■ EXERCISE AIM:
Please give the records below back in full, exactly as shown.

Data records

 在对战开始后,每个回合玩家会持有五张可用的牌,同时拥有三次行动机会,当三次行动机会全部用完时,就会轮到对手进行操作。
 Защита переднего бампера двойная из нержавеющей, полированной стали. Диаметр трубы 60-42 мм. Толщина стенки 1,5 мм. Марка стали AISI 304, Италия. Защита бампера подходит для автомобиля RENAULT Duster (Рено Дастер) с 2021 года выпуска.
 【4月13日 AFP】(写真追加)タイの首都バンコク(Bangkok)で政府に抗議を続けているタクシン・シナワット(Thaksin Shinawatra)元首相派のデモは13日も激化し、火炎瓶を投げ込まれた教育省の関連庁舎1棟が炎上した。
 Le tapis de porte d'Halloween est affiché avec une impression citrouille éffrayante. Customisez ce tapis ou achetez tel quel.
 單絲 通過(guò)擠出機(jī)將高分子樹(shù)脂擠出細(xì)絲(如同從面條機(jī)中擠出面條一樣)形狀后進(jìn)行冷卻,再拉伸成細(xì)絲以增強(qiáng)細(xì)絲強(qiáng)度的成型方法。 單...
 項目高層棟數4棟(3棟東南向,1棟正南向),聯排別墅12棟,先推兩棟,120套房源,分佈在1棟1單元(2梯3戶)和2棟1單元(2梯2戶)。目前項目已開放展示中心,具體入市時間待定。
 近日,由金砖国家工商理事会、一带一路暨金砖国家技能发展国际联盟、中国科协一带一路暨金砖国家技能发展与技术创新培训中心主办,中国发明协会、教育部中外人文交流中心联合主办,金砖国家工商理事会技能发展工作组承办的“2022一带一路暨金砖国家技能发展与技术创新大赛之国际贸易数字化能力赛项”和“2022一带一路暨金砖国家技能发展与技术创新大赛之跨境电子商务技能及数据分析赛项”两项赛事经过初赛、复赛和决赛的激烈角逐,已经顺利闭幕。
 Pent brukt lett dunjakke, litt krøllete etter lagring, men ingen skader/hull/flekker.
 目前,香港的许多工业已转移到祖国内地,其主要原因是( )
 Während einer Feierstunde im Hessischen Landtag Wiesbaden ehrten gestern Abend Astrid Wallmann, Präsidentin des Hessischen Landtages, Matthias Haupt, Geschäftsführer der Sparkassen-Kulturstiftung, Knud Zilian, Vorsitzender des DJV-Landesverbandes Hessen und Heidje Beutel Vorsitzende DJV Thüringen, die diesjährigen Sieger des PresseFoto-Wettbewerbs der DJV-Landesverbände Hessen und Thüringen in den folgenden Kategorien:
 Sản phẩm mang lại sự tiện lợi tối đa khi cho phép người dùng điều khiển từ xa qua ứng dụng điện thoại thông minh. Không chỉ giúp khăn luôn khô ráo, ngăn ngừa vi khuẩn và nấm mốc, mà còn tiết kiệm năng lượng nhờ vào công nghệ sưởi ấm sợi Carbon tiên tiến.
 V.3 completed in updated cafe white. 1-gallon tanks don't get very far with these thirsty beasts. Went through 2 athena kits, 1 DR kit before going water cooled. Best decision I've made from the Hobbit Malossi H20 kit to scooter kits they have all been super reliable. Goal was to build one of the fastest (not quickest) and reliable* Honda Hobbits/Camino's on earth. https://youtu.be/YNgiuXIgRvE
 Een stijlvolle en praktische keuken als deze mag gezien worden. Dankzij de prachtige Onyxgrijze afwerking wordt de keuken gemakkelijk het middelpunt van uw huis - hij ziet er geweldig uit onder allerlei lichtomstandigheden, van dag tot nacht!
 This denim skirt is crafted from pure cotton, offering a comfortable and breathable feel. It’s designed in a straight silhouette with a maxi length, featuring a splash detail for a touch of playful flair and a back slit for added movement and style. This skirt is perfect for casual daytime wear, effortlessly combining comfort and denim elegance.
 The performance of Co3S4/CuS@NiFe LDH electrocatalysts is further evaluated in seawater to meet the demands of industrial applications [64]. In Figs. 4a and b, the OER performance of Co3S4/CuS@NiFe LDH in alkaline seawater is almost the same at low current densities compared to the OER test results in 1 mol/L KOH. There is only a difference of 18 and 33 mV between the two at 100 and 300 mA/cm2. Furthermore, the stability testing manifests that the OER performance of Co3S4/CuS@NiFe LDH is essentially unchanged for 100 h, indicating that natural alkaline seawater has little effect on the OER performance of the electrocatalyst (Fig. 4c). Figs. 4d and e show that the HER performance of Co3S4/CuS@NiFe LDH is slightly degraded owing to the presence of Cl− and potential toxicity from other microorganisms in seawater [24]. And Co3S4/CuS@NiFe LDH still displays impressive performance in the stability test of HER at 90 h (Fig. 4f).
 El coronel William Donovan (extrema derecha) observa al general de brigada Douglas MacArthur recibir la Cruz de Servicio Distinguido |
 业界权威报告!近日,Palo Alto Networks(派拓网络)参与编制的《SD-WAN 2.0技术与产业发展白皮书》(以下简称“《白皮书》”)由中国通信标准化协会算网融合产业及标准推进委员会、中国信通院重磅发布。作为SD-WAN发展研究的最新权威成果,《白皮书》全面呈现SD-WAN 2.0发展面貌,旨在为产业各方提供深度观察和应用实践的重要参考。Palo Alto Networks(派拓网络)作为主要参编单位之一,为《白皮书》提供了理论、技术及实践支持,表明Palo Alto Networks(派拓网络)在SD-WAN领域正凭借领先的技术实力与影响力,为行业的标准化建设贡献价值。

■ SOLUTION FOR THIS PROBLEM:
 在对战开始后,每个回合玩家会持有五张可用的牌,同时拥有三次行动机会,当三次行动机会全部用完时,就会轮到对手进行操作。
 Защита переднего бампера двойная из нержавеющей, полированной стали. Диаметр трубы 60-42 мм. Толщина стенки 1,5 мм. Марка стали AISI 304, Италия. Защита бампера подходит для автомобиля RENAULT Duster (Рено Дастер) с 2021 года выпуска.
 【4月13日 AFP】(写真追加)タイの首都バンコク(Bangkok)で政府に抗議を続けているタクシン・シナワット(Thaksin Shinawatra)元首相派のデモは13日も激化し、火炎瓶を投げ込まれた教育省の関連庁舎1棟が炎上した。
 Le tapis de porte d'Halloween est affiché avec une impression citrouille éffrayante. Customisez ce tapis ou achetez tel quel.
 單絲 通過(guò)擠出機(jī)將高分子樹(shù)脂擠出細(xì)絲(如同從面條機(jī)中擠出面條一樣)形狀后進(jìn)行冷卻,再拉伸成細(xì)絲以增強(qiáng)細(xì)絲強(qiáng)度的成型方法。 單...
 項目高層棟數4棟(3棟東南向,1棟正南向),聯排別墅12棟,先推兩棟,120套房源,分佈在1棟1單元(2梯3戶)和2棟1單元(2梯2戶)。目前項目已開放展示中心,具體入市時間待定。
 近日,由金砖国家工商理事会、一带一路暨金砖国家技能发展国际联盟、中国科协一带一路暨金砖国家技能发展与技术创新培训中心主办,中国发明协会、教育部中外人文交流中心联合主办,金砖国家工商理事会技能发展工作组承办的“2022一带一路暨金砖国家技能发展与技术创新大赛之国际贸易数字化能力赛项”和“2022一带一路暨金砖国家技能发展与技术创新大赛之跨境电子商务技能及数据分析赛项”两项赛事经过初赛、复赛和决赛的激烈角逐,已经顺利闭幕。
 Pent brukt lett dunjakke, litt krøllete etter lagring, men ingen skader/hull/flekker.
 目前,香港的许多工业已转移到祖国内地,其主要原因是( )
 Während einer Feierstunde im Hessischen Landtag Wiesbaden ehrten gestern Abend Astrid Wallmann, Präsidentin des Hessischen Landtages, Matthias Haupt, Geschäftsführer der Sparkassen-Kulturstiftung, Knud Zilian, Vorsitzender des DJV-Landesverbandes Hessen und Heidje Beutel Vorsitzende DJV Thüringen, die diesjährigen Sieger des PresseFoto-Wettbewerbs der DJV-Landesverbände Hessen und Thüringen in den folgenden Kategorien:
 Sản phẩm mang lại sự tiện lợi tối đa khi cho phép người dùng điều khiển từ xa qua ứng dụng điện thoại thông minh. Không chỉ giúp khăn luôn khô ráo, ngăn ngừa vi khuẩn và nấm mốc, mà còn tiết kiệm năng lượng nhờ vào công nghệ sưởi ấm sợi Carbon tiên tiến.
 V.3 completed in updated cafe white. 1-gallon tanks don't get very far with these thirsty beasts. Went through 2 athena kits, 1 DR kit before going water cooled. Best decision I've made from the Hobbit Malossi H20 kit to scooter kits they have all been super reliable. Goal was to build one of the fastest (not quickest) and reliable* Honda Hobbits/Camino's on earth. https://youtu.be/YNgiuXIgRvE
 Een stijlvolle en praktische keuken als deze mag gezien worden. Dankzij de prachtige Onyxgrijze afwerking wordt de keuken gemakkelijk het middelpunt van uw huis - hij ziet er geweldig uit onder allerlei lichtomstandigheden, van dag tot nacht!
 This denim skirt is crafted from pure cotton, offering a comfortable and breathable feel. It’s designed in a straight silhouette with a maxi length, featuring a splash detail for a touch of playful flair and a back slit for added movement and style. This skirt is perfect for casual daytime wear, effortlessly combining comfort and denim elegance.
 The performance of Co3S4/CuS@NiFe LDH electrocatalysts is further evaluated in seawater to meet the demands of industrial applications [64]. In Figs. 4a and b, the OER performance of Co3S4/CuS@NiFe LDH in alkaline seawater is almost the same at low current densities compared to the OER test results in 1 mol/L KOH. There is only a difference of 18 and 33 mV between the two at 100 and 300 mA/cm2. Furthermore, the stability testing manifests that the OER performance of Co3S4/CuS@NiFe LDH is essentially unchanged for 100 h, indicating that natural alkaline seawater has little effect on the OER performance of the electrocatalyst (Fig. 4c). Figs. 4d and e show that the HER performance of Co3S4/CuS@NiFe LDH is slightly degraded owing to the presence of Cl− and potential toxicity from other microorganisms in seawater [24]. And Co3S4/CuS@NiFe LDH still displays impressive performance in the stability test of HER at 90 h (Fig. 4f).
 El coronel William Donovan (extrema derecha) observa al general de brigada Douglas MacArthur recibir la Cruz de Servicio Distinguido |
 业界权威报告!近日,Palo Alto Networks(派拓网络)参与编制的《SD-WAN 2.0技术与产业发展白皮书》(以下简称“《白皮书》”)由中国通信标准化协会算网融合产业及标准推进委员会、中国信通院重磅发布。作为SD-WAN发展研究的最新权威成果,《白皮书》全面呈现SD-WAN 2.0发展面貌,旨在为产业各方提供深度观察和应用实践的重要参考。Palo Alto Networks(派拓网络)作为主要参编单位之一,为《白皮书》提供了理论、技术及实践支持,表明Palo Alto Networks(派拓网络)在SD-WAN领域正凭借领先的技术实力与影响力,为行业的标准化建设贡献价值。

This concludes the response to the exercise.